ACTION ITEM
Reproduce exactly only the lines from the line that holds "Gebruik de zoekbalk" to the line that holds "Snygga svarta jeansbyxor", inclusive, in the listing below, and please leave out every picture.

PROVIDED INFORMATION
§

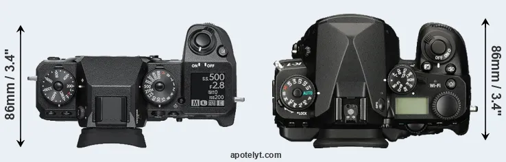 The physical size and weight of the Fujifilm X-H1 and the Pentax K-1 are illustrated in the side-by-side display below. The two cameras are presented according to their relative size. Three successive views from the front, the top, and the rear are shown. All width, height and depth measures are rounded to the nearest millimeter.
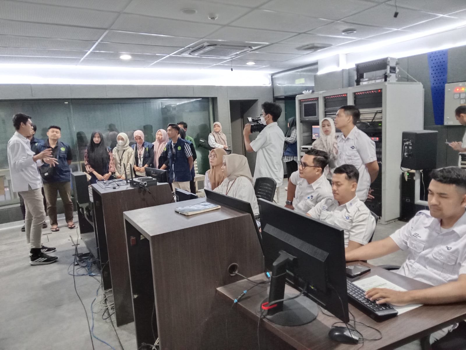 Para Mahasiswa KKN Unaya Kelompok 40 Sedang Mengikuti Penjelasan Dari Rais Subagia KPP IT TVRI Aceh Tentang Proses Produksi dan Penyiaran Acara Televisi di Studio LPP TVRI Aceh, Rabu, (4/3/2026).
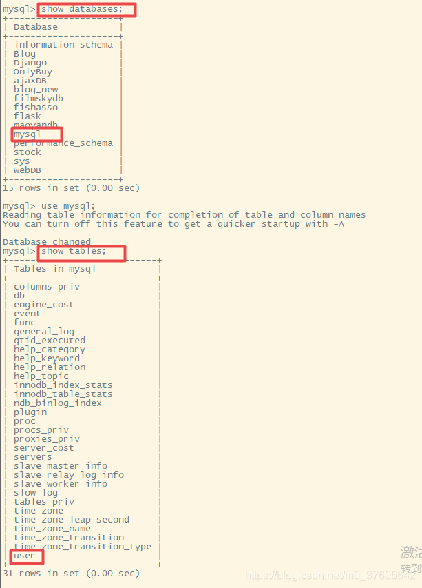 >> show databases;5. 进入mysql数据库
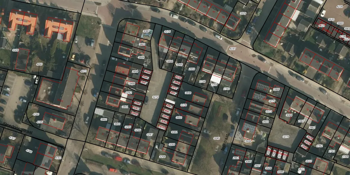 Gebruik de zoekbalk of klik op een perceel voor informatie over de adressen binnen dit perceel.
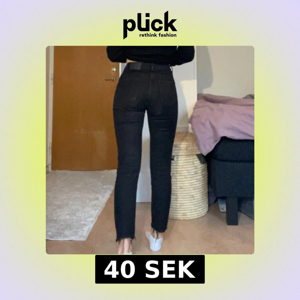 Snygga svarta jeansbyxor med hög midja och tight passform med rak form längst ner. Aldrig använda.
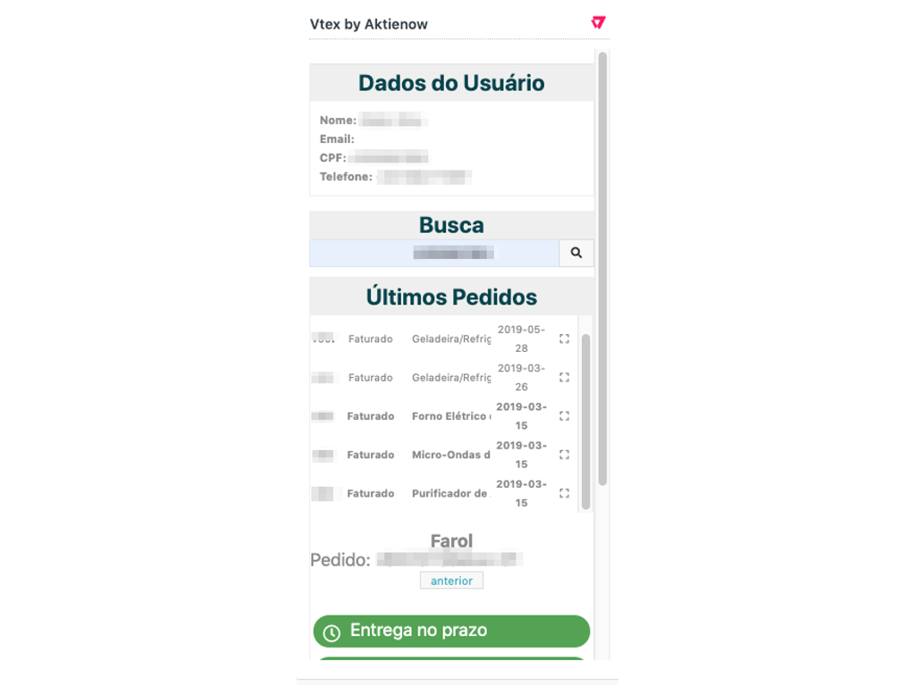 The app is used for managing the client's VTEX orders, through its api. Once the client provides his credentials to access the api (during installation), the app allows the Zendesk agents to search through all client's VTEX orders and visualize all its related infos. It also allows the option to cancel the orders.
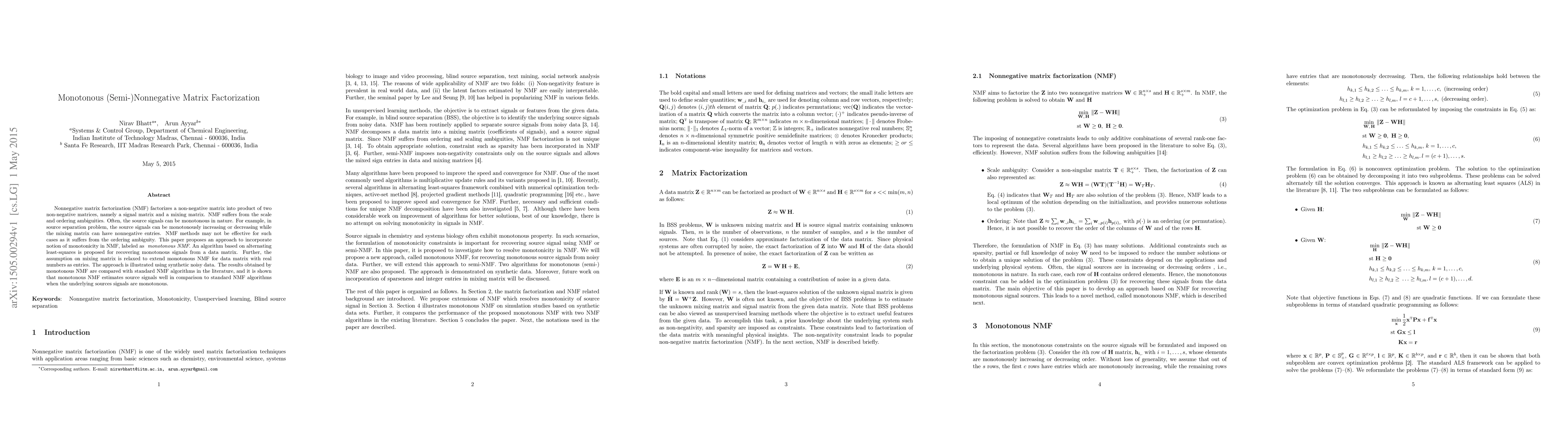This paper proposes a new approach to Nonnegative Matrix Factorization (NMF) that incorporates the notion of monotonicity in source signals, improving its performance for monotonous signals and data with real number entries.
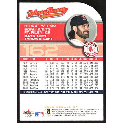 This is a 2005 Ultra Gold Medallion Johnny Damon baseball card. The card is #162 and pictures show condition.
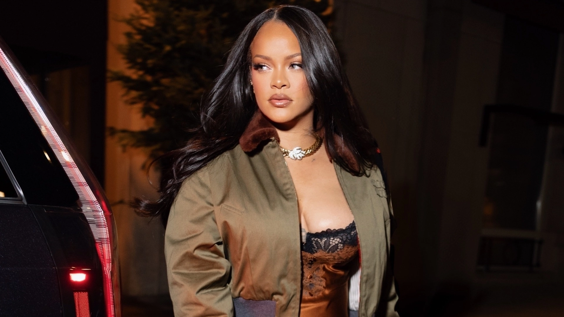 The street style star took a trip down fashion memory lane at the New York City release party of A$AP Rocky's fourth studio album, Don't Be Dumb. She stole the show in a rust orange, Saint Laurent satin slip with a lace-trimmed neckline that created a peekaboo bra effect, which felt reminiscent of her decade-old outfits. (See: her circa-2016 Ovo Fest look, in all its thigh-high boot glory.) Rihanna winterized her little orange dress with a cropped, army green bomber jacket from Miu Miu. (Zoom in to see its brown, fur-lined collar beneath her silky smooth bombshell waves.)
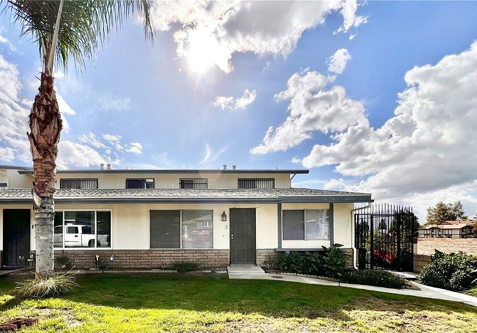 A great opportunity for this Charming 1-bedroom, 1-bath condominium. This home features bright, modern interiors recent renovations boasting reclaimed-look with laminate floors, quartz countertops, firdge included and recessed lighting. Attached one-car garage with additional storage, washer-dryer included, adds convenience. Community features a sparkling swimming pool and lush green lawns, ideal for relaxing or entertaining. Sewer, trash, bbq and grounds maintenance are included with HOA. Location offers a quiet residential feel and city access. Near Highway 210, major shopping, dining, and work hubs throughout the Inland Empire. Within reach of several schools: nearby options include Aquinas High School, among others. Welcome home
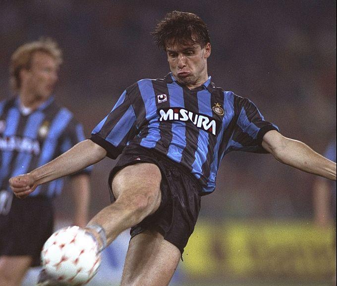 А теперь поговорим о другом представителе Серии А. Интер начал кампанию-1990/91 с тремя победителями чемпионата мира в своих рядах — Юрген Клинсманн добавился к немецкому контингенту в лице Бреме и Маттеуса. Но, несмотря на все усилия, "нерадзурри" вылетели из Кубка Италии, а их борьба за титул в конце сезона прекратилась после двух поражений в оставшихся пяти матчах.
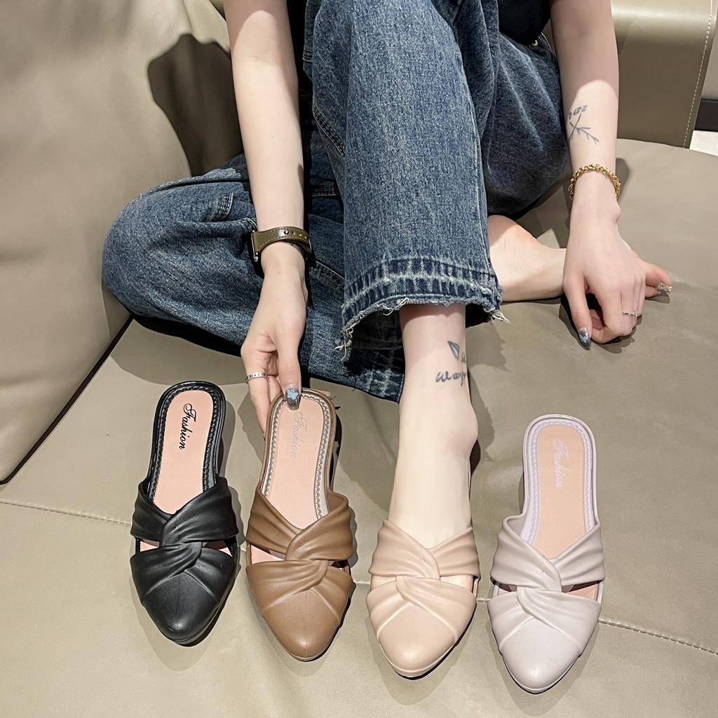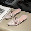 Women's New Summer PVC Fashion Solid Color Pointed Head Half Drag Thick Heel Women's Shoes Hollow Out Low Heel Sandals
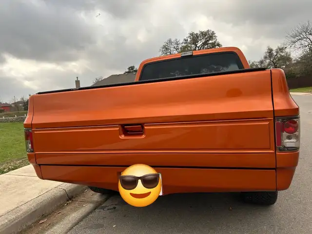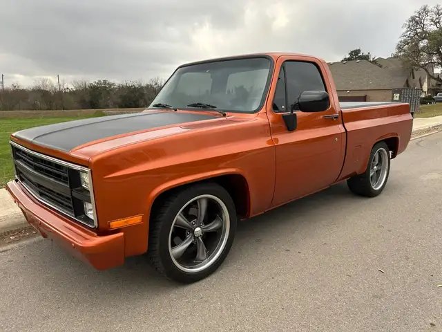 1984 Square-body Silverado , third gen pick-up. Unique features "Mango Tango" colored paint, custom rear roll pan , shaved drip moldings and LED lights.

§

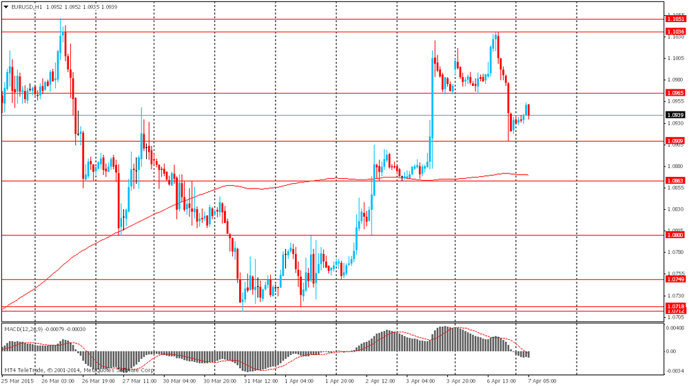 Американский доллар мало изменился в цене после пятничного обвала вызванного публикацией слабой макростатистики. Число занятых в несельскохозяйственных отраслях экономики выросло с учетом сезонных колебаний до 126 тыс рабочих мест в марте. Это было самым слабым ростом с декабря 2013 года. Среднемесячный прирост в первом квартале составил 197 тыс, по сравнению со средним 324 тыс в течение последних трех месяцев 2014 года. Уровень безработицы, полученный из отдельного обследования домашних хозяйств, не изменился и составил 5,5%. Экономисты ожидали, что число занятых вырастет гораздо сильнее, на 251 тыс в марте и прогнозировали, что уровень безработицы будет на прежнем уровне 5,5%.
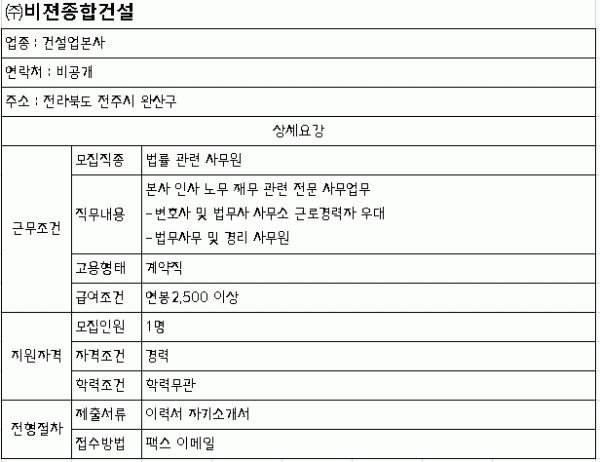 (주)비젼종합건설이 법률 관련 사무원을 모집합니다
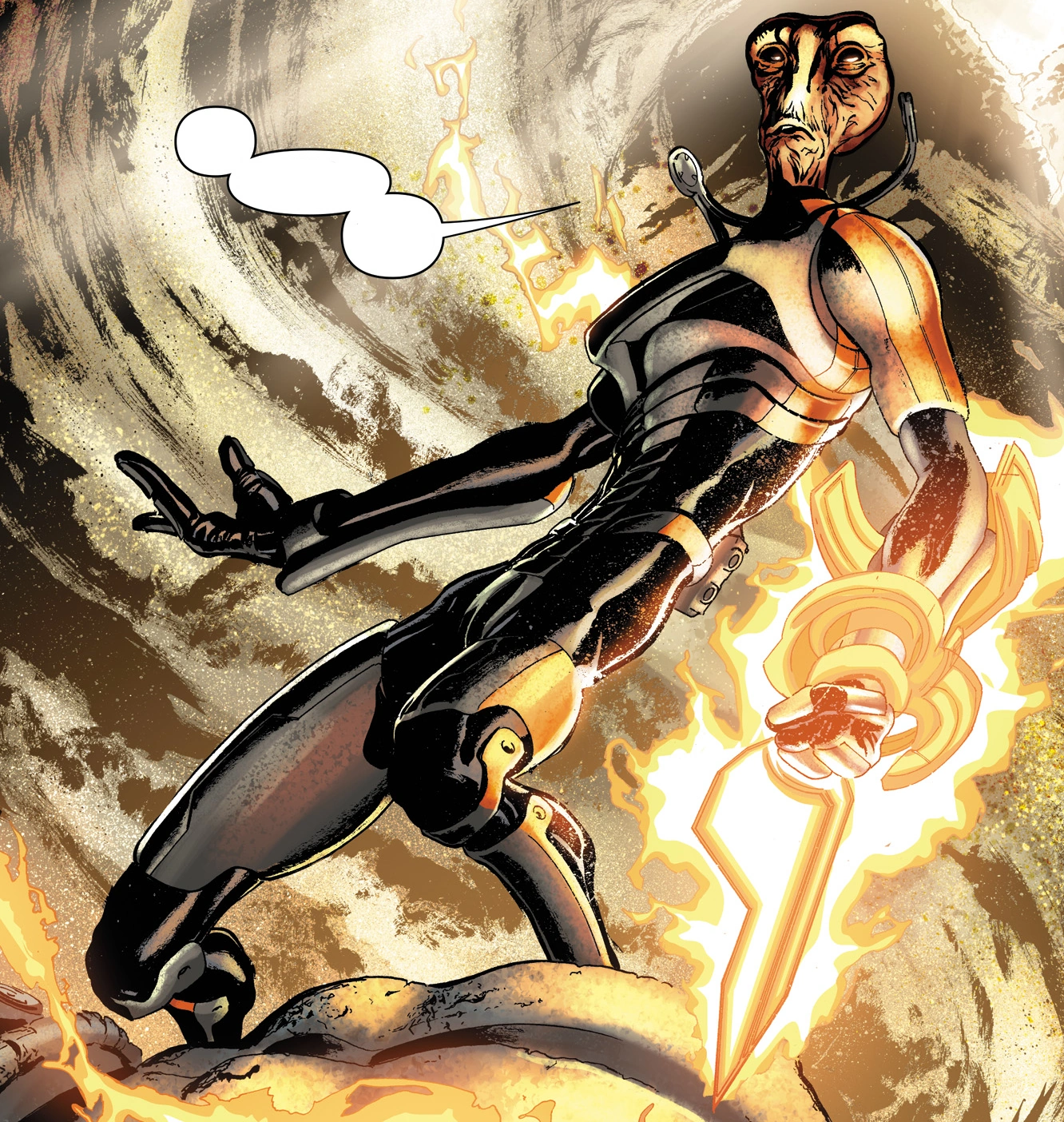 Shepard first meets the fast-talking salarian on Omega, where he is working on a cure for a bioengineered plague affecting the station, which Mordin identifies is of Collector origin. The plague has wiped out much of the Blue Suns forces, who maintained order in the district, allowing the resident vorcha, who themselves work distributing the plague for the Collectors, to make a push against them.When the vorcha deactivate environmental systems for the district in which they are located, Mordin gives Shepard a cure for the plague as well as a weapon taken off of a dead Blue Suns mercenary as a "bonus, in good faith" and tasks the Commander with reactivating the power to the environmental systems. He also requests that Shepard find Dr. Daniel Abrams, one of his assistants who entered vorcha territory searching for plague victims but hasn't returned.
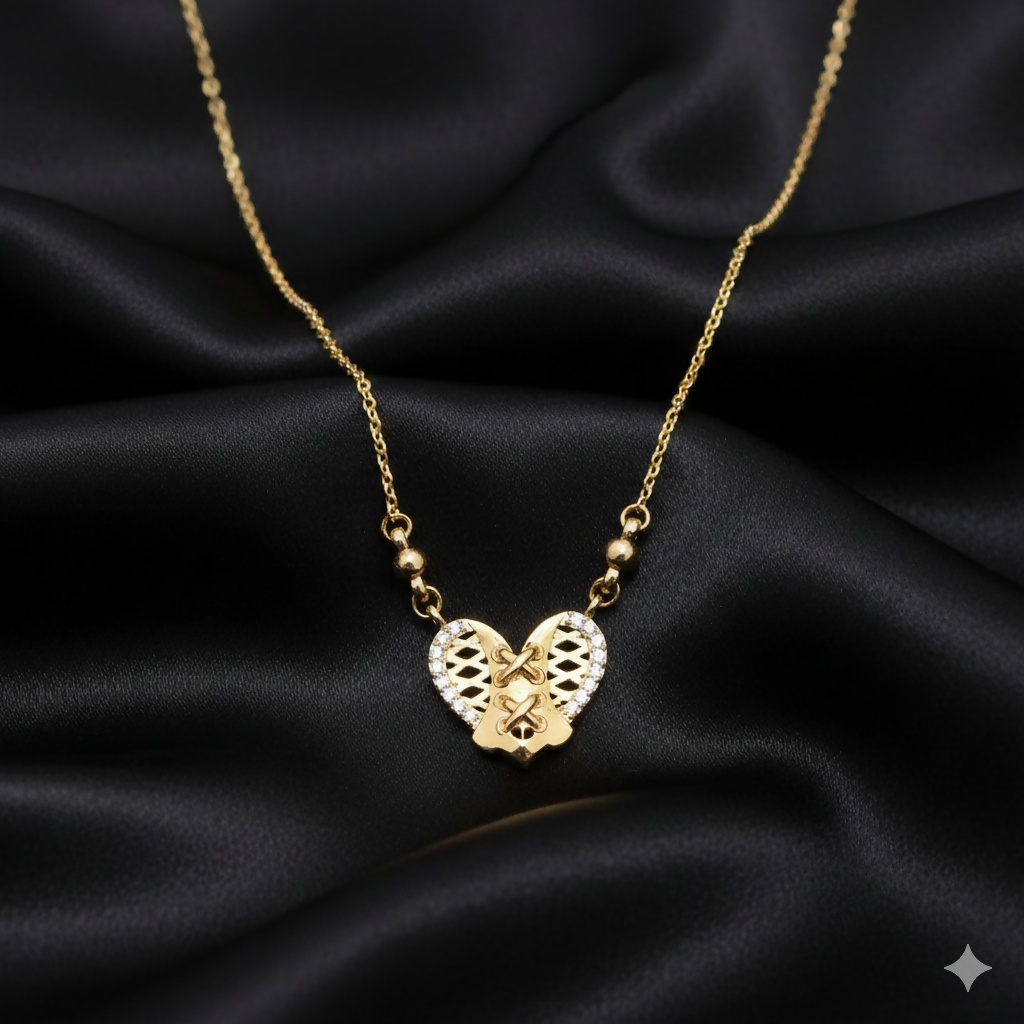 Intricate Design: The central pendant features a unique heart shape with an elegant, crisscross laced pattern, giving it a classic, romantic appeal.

§

RESULT FOR THIS EXERCISE
 Gebruik de zoekbalk of klik op een perceel voor informatie over de adressen binnen dit perceel.
 Snygga svarta jeansbyxor med hög midja och tight passform med rak form längst ner. Aldrig använda.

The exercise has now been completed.